How to complete this task
Reproduce word for word the line holding "- Tables Tab: displays" and all lines after it in the data, through the end, leaving out pictures.

=== Data block ===

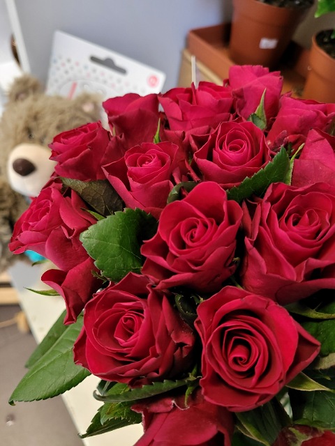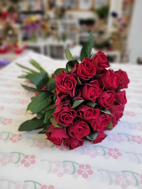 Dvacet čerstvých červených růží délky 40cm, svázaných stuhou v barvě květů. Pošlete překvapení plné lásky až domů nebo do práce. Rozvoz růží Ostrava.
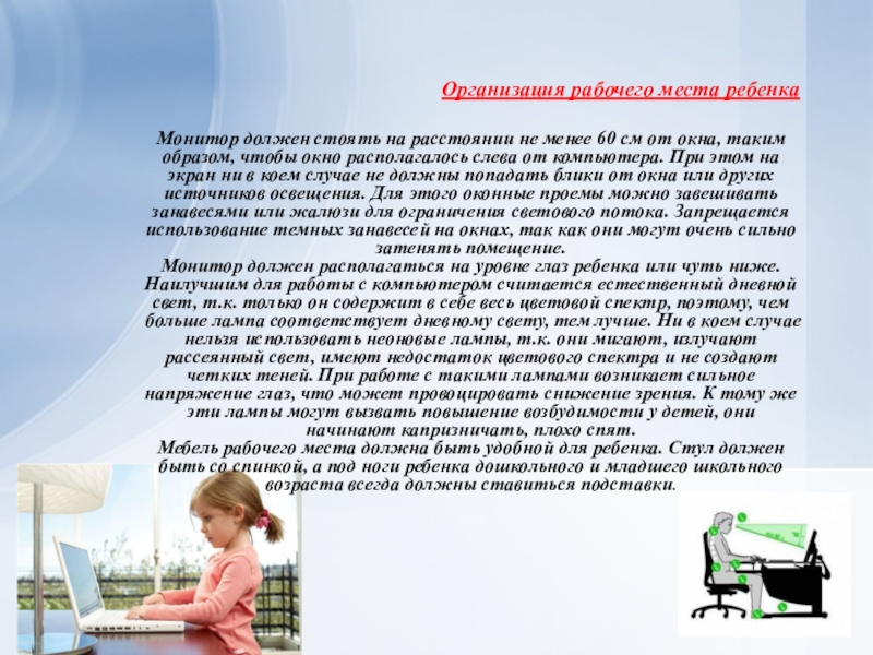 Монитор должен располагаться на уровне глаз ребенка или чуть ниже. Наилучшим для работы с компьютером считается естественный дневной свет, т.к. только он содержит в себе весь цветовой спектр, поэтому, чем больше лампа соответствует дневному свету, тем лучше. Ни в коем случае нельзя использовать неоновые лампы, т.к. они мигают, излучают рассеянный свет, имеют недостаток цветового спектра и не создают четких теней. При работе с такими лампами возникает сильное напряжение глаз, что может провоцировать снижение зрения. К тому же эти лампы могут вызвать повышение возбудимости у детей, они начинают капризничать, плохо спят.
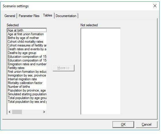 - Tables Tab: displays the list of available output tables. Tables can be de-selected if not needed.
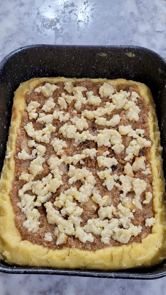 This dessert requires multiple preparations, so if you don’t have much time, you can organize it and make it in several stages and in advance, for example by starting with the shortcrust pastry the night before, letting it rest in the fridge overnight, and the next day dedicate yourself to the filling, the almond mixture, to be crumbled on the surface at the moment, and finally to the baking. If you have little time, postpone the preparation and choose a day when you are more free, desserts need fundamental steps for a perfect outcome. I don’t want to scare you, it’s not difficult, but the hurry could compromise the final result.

===

Exercise output
 - Tables Tab: displays the list of available output tables. Tables can be de-selected if not needed.
 This dessert requires multiple preparations, so if you don’t have much time, you can organize it and make it in several stages and in advance, for example by starting with the shortcrust pastry the night before, letting it rest in the fridge overnight, and the next day dedicate yourself to the filling, the almond mixture, to be crumbled on the surface at the moment, and finally to the baking. If you have little time, postpone the preparation and choose a day when you are more free, desserts need fundamental steps for a perfect outcome. I don’t want to scare you, it’s not difficult, but the hurry could compromise the final result.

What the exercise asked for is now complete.